The issue of going through 2 sequences together and dealing with differing lengths is actually a general purpose idea. In C++20, the Range library has things that make quick work of this. Older 3rd party libraries exist as well, and you might find it called zip or something like that.

But, let's look at writing it from scratch. You want to read an item at a time from two inputs, but neatly make it look like they're the same length. You don't want to write the same code three times, or elaborate on the cases where A is shorter or where B may be shorter... just abstract out the idea that they are read together, and if one runs out it provides zeros.

This is its own piece of code that can be applied twice, to A and to B.

class backwards_bit_reader {
    const BBBnum2& x;
    size_t index;
public:
    backwards_bit_reader(const BBBnum2& x) : x{x}, index{x.size()}  {}
    bool done() const { return index == 0; }
    int8_t next()
       {
       if (done()) return 0;  // keep reading infinite leading zeros
       --index;
       return x[index];
       }
 };

Now you can write something like:

backwards_bit_reader A_in { A };
backwards_bit_reader B_in { B };
while (!A_in.done() && !B_in.done()) {
   const a = A_in.next();
   const b = B_in.next();
   const c = a+b+carry;
   carry = c/2;  // update
   C[--k]= c%2;
 }
 C[0]= carry;  // the final bit, one longer than the input

It can be written far more compactly, but this is clear.

another approach

The problem is, is writing backwards_bit_reader beyond what you've learned thus far? How else might you apply the same logic to both A and B without duplicating the statements?

You should be learning to recognize what's sometimes called "code smell". Repeating the same block of code multiple times, and repeating the same steps with nothing changed but which variable it's applying to, should be seen as ugly and unacceptable.

You can at least cut back the cases by ensuring that B is always the longer one, if they are of different length. Do this by swapping A and B if that's not the case, as a preliminary step. (Actually implementing that well is another digression)

But the logic is still nearly duplicated, since you have to deal with the possibility of the carry propagating all the way to the end. Just now you have 2 copies instead of 3.

Extending the shorter one, at least in façade, is the only way to write one loop.

how realistic is this problem?

It's simplified to the point of being silly, but if it's not done in base 2 but with larger values, this is actually implementing multi-precision arithmetic, which is a real thing people want to do. That's why I named the type above BBBNum for "Bad Binary Bignum".

Getting down to an actual range of memory and wanting the code to be fast and optimized is also something you want to do sometimes. The BigNum is one example; you often see this with string processing. But we'll want to make an efficient back-end that operates on memory without knowing how it was allocated, and higher-level wrappers that call it.

For example:

void addp (const int8_t* a_begin, const int8_t* a_end,
           const int8_t* b_begin, const int8_t* b_end,
           int8_t* result_begin, int8_t* result_end);

will use the provided range for output, not knowing or caring how it was allocated, and taking input that's any contiguous range without caring what type of container is used to manage it as long as it's contiguous. Note that as you saw with the std::merge example, it's more idiomatic to pass begin and end rather than begin and size.

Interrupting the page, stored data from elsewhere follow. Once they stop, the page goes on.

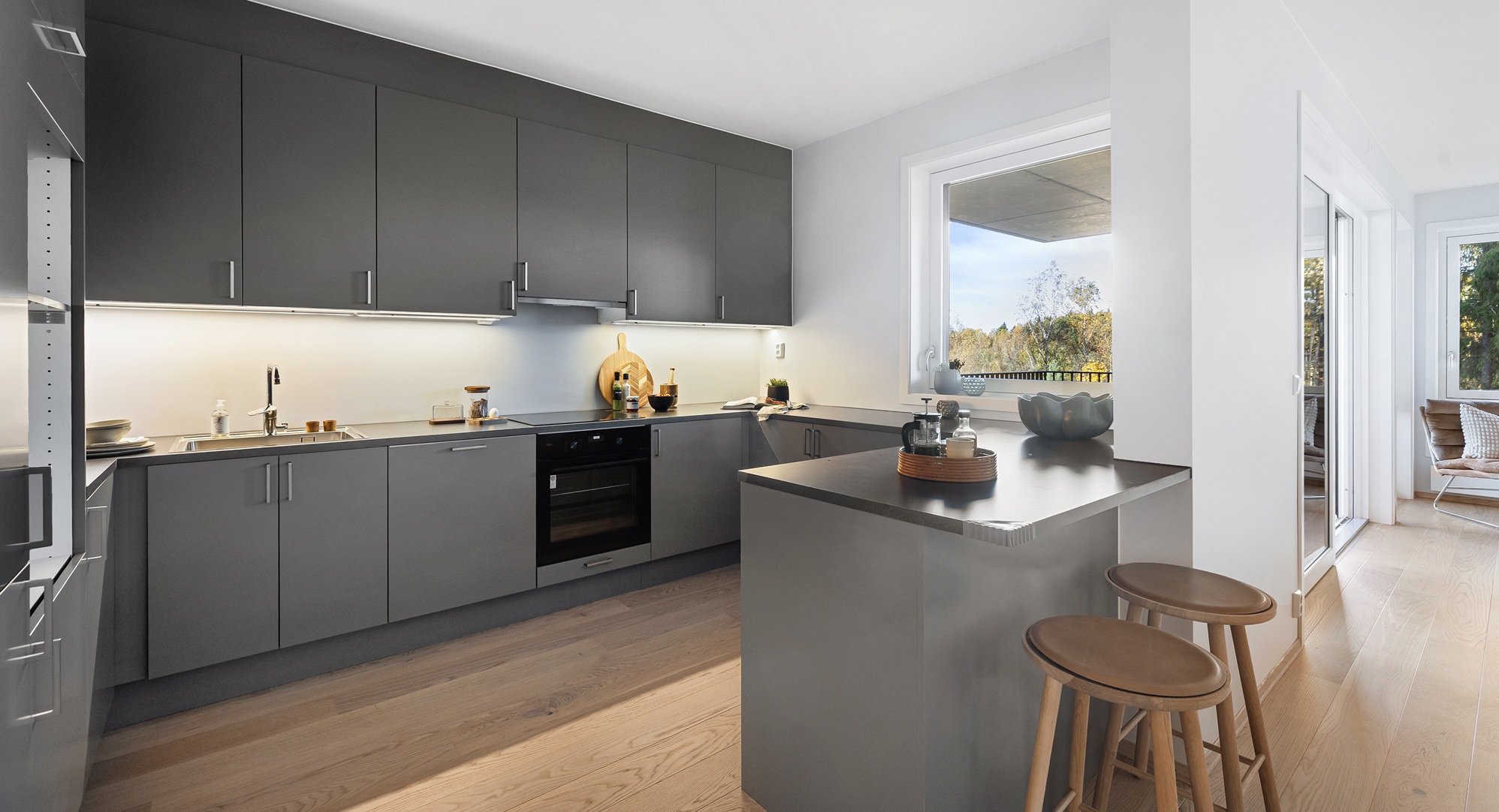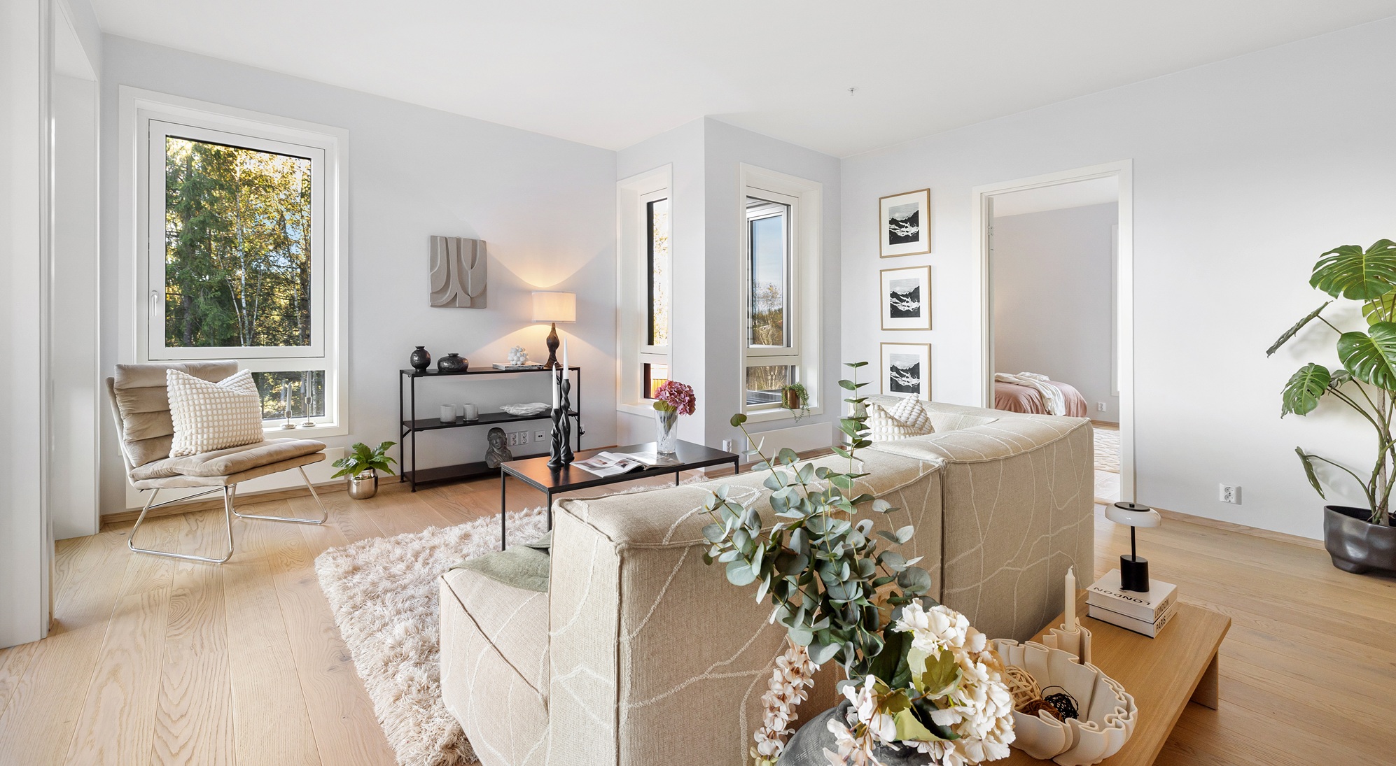 De første beboerne flyttet inn i 2021, og nå er de to siste husene, hus G og H, også innflyttingsklare. Det er kun én ledig leilighet igjen i hus H. Ta gjerne kontakt for å avtale privat visning, så du får se hvor fint det har blitt!
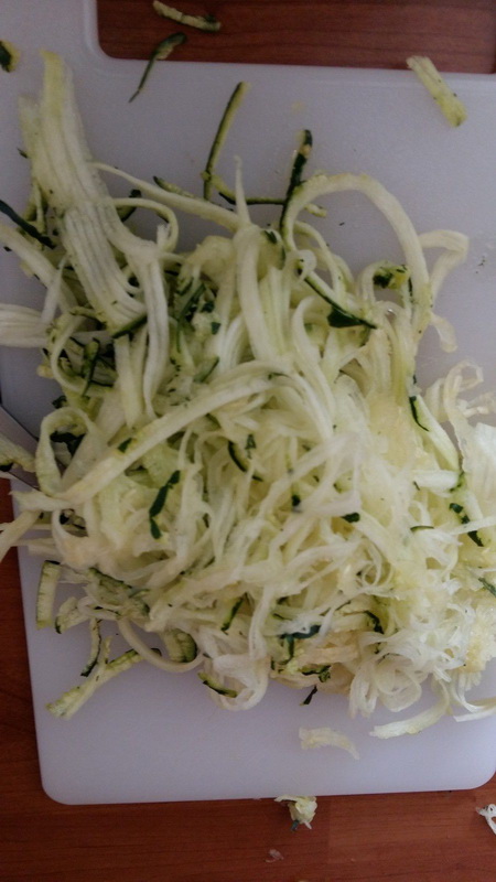 - Laver votre courgette puis l’éplucher puis la couper en forme de spaghetti à l’aide d’un taille légume.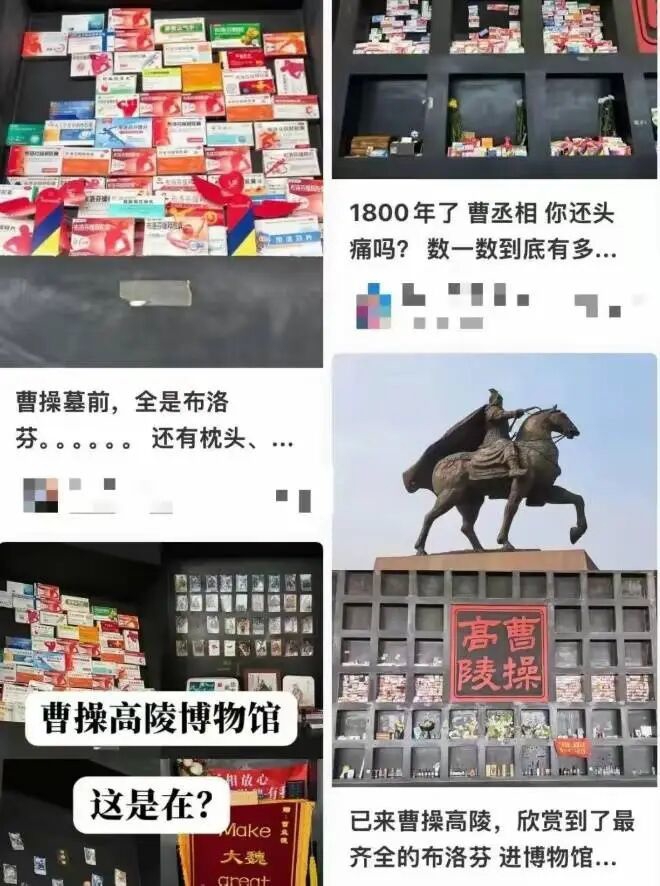 先来看最火的曹操墓。历史上,曹操生前深受偏头痛顽疾折磨,于是,贴心的网友们便送上了布洛芬,戏称这是“迟到了一千八百年的救命药”,比当年华佗提议的“开颅手术”管用多了。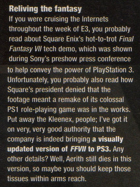 To be fair to Electronic Gaming Monthly and the countless other magazines that ran similar predictions, this rumor was bound to happen sooner or later. Not only is it one of Square's most iconic games, but this is a company that has made a lot of money on remaking Final Fantasy games. And no matter how many times the developers came out and said it wasn't happening, we all knew deep down in our guts that it would eventually become reality.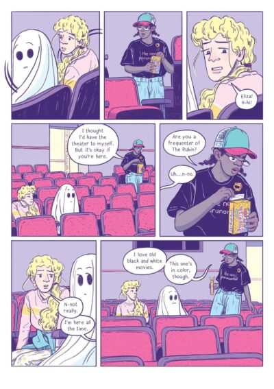 In both stories we see the real ghosts and the ones that haunt us internally. Volume one introduced us to real live (um…dead?) ghosts. They have issues, the humans have issues and together the two try to work things out. The real ghosts are perhaps my favorite part of the art as we see them represented by the stereotype Sheet-Ghost and that is a symbol in itself, especially in book two. This artwork is expressive and moves things along in ways text cannot. We see the expressions, the body language and how things around us keep happening. The art is their own character, while supporting the story itself.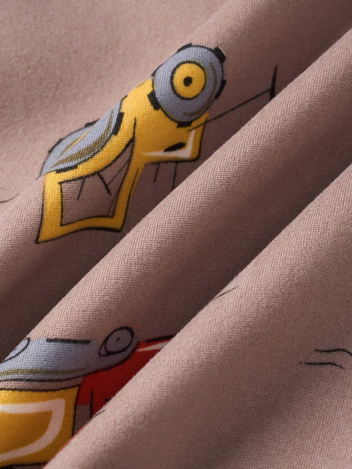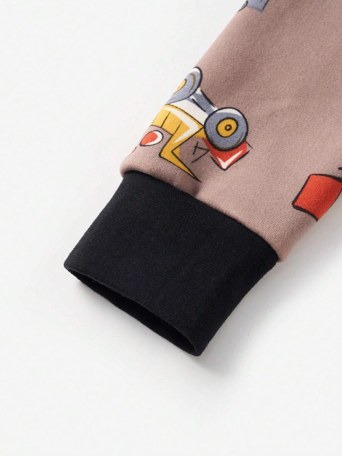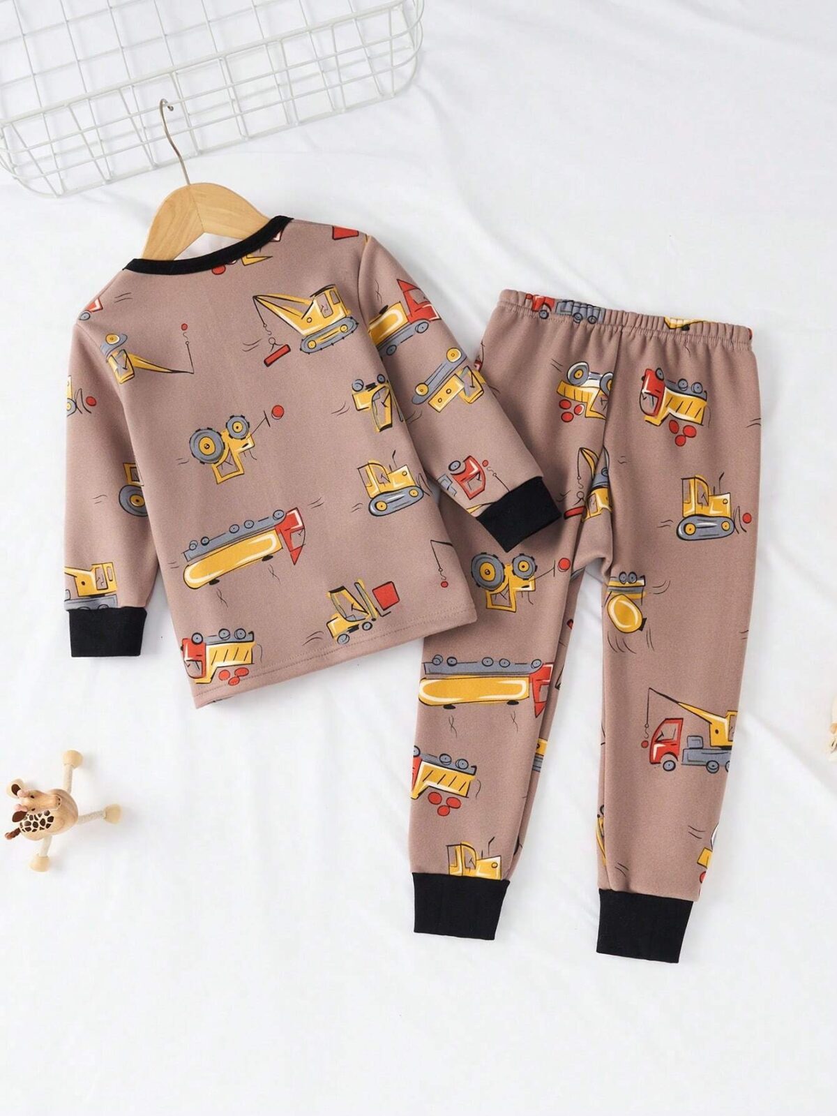 Deze speelse pyjamaset voor jongens is ontworpen met een reeks levendige bouwvoertuigen die tegen een zachte taupe achtergrond afsteken, waardoor een levendig bedtijdsemble ontstaat voor elke jonge bouwer. Het bovenblad is voorzien van een verscheidenheid aan felgekleurde kranen, dumptrucks en graafmachines, waardoor het een leuke keuze is voor kinderen die gefascineerd zijn door zware machines. De broek past bij het thema met een soortgelijke all-over print, wat zorgt voor een bijpassende en stijlvolle look. Deze set is gemaakt van een zachte en comfortabele stof met zachte voering bij de manchetten en is ideaal om warm te blijven tijdens koelere nachten. De elastische tailleband zorgt voor een goede pasvorm, perfect om thuis te slapen of te loungen. Deze pyjamaset maakt van bedtijd een spannend avontuur, klaar om dromen over grote bouwwerken en geweldige constructies te inspireren.

But then you have helper functions like:

BBBNum2 addp (const BBBNum2& A, const BBBNum2& B)
{
    BBBNum result (1+std::max(A.size(),B.size());
    addp (A.data(), A.data()+A.size(),  B.data(), B.data()+B.size(), C.data(), C.data()+C.size());
}

Now the casual user can call it using vectors and a dynamically-created result, but it's still available to call for arrays, pre-allocated result buffers, etc.